Jan Fredrik Schønheyder Design Methodology for Safety-Critical Systems
My background comes from long hours drawing Star Wars in math books and dissecting my parents stereo. Now at home I have two small girls that repeat the cycle. I graduated with a masters degree in industrial design from AHO in 2005, and have now returned to the crime scene to learn about the things that I do not know.
In my profession I have designed for people that work in demanding and intense environments, ranging from offshore maritime operations, complex subsea processes to air surveillance. Environments where the "office floor" moves and split second decisions must be made. Systems that are commonly know as safety-critical systems.
Safety-critical systems are those systems whose failure could result in loss of life, significant property damage, or damage to the environment. There are many well known examples in application areas such as medical devices, aircraft flight control, weapons, and nuclear systems. Many modern information systems are becoming safety-critical in a general sense because financial loss and even loss of life can result from their failure. (Knight 2002)
Design projects in these environments can be highly sensitive and demanding. In addition to traditional design skills (Buxton 2010), the environment requires an understanding of the limitations and possibilities of the human mind in high stress situations.
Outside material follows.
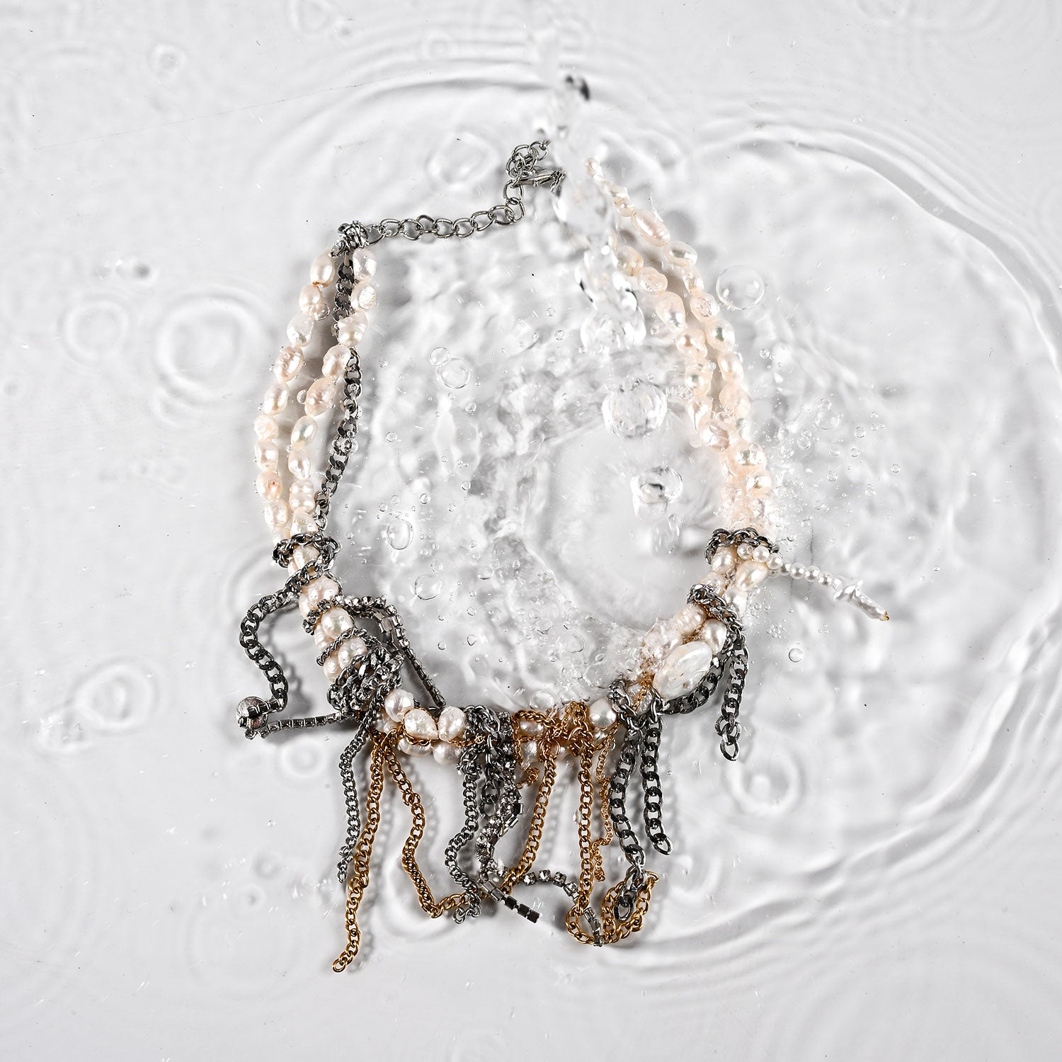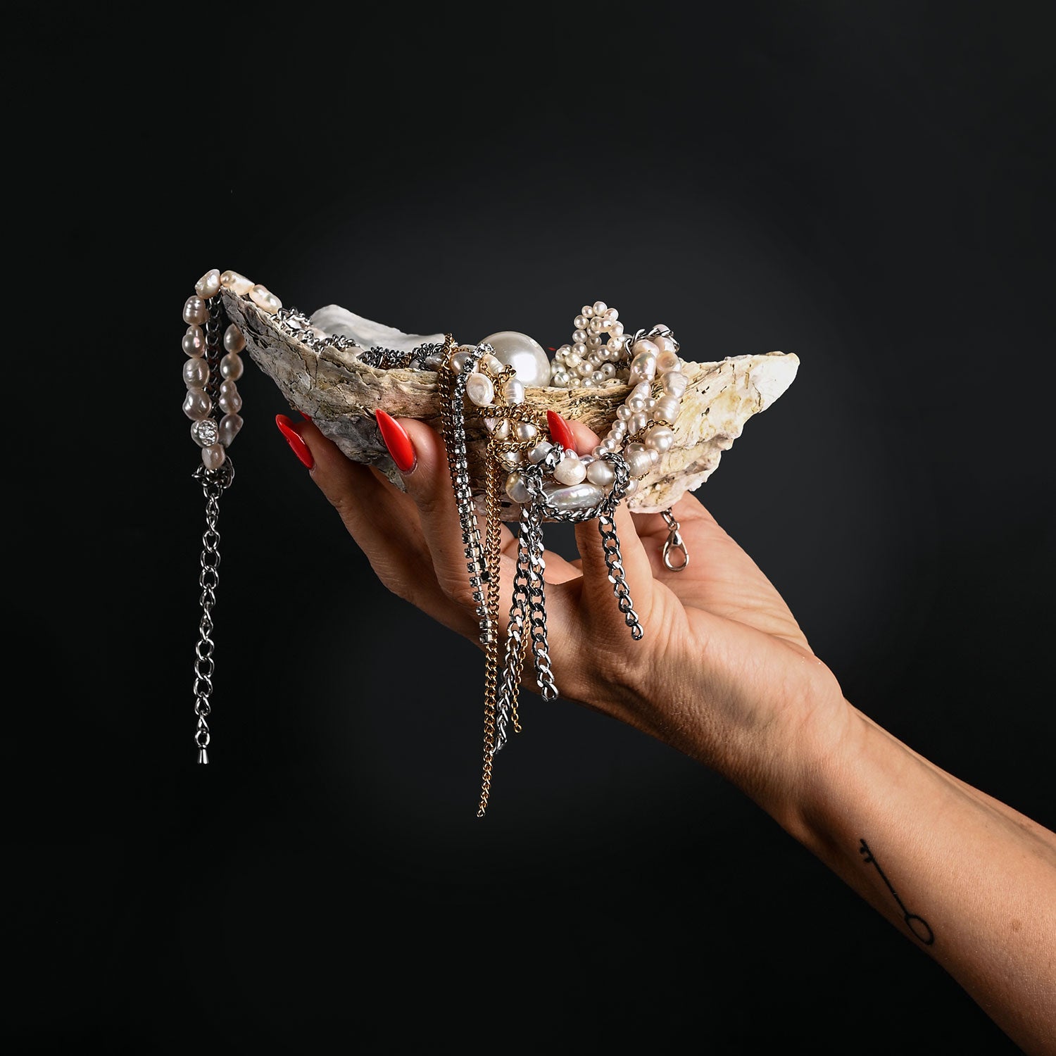 Unless your grandmother once started a fire and never apologized. Pearls paired with steel like a dare. The contrast is the point. The beauty is in the tension. You could wear this with silk. Or with a leather jacket you "borrowed" in 2013 and never gave back. Either way, it belongs.

However the average designer have limited knowledge in identifying and recognizing the operator’s cognitive limitations and workload. In often demanding project environments, designers lack the disciplinary vocabulary and expertise to argument for his or hers design solution. The challenge also consists in how to translate the disciplinary knowledge of psychology in to good design. In worst case the design can end up being more damaging than valuable for the operator. However if solved the result would not just have a positive impact on operators of safety-critical systems, but also significantly empower the designers and design projects.
To meet these challenges designers should have a deeper comprehension of cognitive and neuropsychology. These fields offer understanding of processes such as attention, language use, memory, perception, problem solving, and thinking (Gerrig, Zimbardo et al. 2011) and to understand the relationship between brain and behaviour, that is, its attempts to explain the way in which the activity of the brain is expressed in observable behaviour (Beaumont 2008).
I suggest merging cognitive and neuropsychology with the design discipline to create specific methods and principles for designers involved in safety-critical systems.
The project will result in a methodology that design teams can apply to a design process. This will contribute to gain the designers disciplinary knowledge, and to become more proficient and confident to design and articulate esthetic safety-critical systems. As a result the design will be more concentrated on securing the operator’s tasks and responsibility.